The fifteen-year decline and fall of the Western (roughly between 1960 and 1975) was for many more interesting than what came before, punctuated as it was by the spectacular contributions of Sam Peckinpah and Sergio Leone. It certainly featured more unrestrained violence, went to new lengths to create an aura of historical accuracy, and agonized in unprecedented fashion over the ultimate purpose and significance of the form. Far more conscious creative effort went into the Western’s decadence than was expended on its heyday. Even the worst of the “revisionist” and “dirty” anti-Westerns were at least remarkable for the pretentiousness of their ambitions. Unfortunately, when the rules went, audience interest went not long afterward. A genre that was essentially based on seeing how many changes could be rung on a small set of unvarying elements lost its point when granted absolute freedom.

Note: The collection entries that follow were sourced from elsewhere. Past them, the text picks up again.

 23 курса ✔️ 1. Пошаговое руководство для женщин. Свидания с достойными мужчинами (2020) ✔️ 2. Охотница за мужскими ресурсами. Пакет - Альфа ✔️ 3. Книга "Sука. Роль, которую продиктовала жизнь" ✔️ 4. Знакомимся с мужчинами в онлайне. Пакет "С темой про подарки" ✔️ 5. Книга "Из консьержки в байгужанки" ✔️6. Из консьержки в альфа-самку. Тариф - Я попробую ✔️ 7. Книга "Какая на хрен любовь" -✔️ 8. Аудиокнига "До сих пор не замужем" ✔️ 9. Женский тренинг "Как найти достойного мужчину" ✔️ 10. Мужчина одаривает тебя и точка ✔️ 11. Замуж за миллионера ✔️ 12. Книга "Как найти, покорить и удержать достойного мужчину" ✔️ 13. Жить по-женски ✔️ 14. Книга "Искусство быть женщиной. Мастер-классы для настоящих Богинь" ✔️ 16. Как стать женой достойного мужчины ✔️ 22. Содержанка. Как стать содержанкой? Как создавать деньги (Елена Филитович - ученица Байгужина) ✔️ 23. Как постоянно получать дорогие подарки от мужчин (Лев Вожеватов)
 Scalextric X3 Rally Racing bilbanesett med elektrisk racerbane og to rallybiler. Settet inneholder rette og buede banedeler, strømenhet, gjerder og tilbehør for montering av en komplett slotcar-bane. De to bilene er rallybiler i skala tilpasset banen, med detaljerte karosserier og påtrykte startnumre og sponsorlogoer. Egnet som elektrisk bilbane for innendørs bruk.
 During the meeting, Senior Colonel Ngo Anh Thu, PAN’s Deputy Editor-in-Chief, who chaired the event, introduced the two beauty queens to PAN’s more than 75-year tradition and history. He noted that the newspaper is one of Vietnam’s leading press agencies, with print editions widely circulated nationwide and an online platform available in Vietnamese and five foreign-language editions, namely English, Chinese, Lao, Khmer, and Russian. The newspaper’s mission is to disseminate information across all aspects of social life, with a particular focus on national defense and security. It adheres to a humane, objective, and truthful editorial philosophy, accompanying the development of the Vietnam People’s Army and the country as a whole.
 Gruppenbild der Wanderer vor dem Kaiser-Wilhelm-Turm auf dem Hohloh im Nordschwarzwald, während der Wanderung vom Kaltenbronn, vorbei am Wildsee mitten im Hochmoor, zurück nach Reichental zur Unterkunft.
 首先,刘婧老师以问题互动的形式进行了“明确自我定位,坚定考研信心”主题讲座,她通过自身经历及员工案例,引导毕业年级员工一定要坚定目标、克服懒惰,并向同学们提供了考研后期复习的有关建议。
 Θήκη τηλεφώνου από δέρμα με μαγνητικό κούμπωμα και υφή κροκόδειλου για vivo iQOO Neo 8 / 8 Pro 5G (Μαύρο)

One of the things that helped kill off the Western was the quest for realism and historical accuracy. Westerns had always had a connection, however oblique, to a notion of reality. As Jane Tompkins remarks in her study West of Everything: The Inner Life of Westerns, “Westerns satisfy a hunger to be in touch with something absolutely real,” a statement as applicable to The Great Train Robbery as to Dances with Wolves. Even the gushingly sentimental novels of Zane Grey satisfy, in between times, a craving for grittiness: skillets, stirrups, cattle tracks, dry boulders, the smell of sagebrush and leather. Western writers and film makers often practiced a stringent but selective accuracy with regard to the minutiae of horses or firearms or wagon wheels, no matter how fantastic and ahistorical the context in which those details were set.
That delusory aura of realness was the product that was being sold. Westerns were created for the benefit of audiences remote—at first geographically, and then temporally—from the settling of the West. From history the genre borrowed settings and props for a game of make-believe; it has had little further connection with anything that actually happened in the nineteenth-century West. Not that Westerns are indifferent to history; on the contrary, they are excited by it, and by the pretense that they are connected to it. Its artifacts, from watch fobs to Winchesters, provide fetishistic embellishment for narratives that otherwise exist completely outside of history.

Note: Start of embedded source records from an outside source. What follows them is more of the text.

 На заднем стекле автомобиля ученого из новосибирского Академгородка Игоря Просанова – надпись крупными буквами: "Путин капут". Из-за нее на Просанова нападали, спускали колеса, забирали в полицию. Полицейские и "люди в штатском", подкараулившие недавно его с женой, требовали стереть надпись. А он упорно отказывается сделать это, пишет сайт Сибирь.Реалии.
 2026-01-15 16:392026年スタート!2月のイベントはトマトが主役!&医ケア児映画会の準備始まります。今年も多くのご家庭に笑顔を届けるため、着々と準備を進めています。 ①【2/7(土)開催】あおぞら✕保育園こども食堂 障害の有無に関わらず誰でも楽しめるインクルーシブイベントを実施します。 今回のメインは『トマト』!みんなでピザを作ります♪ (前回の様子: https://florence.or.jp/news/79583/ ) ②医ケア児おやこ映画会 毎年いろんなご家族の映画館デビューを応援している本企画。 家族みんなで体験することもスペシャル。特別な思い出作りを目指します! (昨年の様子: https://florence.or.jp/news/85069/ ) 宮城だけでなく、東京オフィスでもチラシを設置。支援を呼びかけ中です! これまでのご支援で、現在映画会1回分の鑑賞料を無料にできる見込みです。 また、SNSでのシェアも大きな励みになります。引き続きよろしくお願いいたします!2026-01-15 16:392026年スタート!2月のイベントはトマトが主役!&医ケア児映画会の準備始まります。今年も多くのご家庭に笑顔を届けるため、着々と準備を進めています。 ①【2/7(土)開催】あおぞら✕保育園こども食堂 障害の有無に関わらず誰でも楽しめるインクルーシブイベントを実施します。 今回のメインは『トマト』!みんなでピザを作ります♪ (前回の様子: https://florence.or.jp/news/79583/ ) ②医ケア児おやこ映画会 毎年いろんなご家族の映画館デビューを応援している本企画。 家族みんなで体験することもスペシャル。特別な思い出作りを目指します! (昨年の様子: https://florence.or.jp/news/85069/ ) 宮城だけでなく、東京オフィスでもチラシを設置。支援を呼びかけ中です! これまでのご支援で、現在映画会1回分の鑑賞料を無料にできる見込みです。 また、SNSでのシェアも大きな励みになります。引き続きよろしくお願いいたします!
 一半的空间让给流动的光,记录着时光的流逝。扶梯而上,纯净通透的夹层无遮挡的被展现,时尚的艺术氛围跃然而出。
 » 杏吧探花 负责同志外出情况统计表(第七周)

From time to time, fresh infusions of the real helped spice the fantasy. For one generation, authenticity might be represented by the folksy humor of Gabby Hayes or Smiley Burnette, for another by the luxurious pseudo-historicism of romantic pageants like Jesse James (1939) and They Died with Their Boots On (1942). The innovative although vague psychosexual furies of Duel in the Sun (1946) and Pursued (1947) gave way to the self-congratulatory tolerance of Broken Arrow (1951) and the “mature” social questioning of High Noon (1952). By the late 1950s, the Western tended to demonstrate its maturity by introducing themes of sexual violence (Jubal, The Bravados, Man of the West, Last Train from Gun Hill) and racial conflict (Trooper Hook, Flaming Star, Sergeant Rutledge, The Unforgiven). It was only when film makers began to suffer from the delusion that they were reconstructing the way things really were that the genre started to lose its reason for existing.
One might possibly be able to make a movie that hewed closely to the known facts of life in the Old West, but such a movie would have nothing in common with Westerns, and it is unlikely that many people would go to see it. “The West was not dull,” writes Evan S. Connell in Son of the Morning Star. “It was stupendously dull, and when it was not dull it was murderous.” Speaking of the southwestern cavalry life that provides the setting for so many movies, an actual participant (Second Lieutenant John G. Bourke) lingers on “sickness, heat, bad water, flies, sand-storms, and utter isolation,” and concludes: “The humdrum life of any post in Arizona in those days was enough to drive one crazy.” The question then is not so much whether it would be possible to recreate such a past as what would be the point of doing so. The Western had a point, ignoble as it might appear: to provide a rather simple diversion for the widest number of people, in which deserts and mountains functioned more or less as the seacoast of Bohemia or the forest of Arden. Any deeper concern with history, myth, or moral struggle evolved late in the game.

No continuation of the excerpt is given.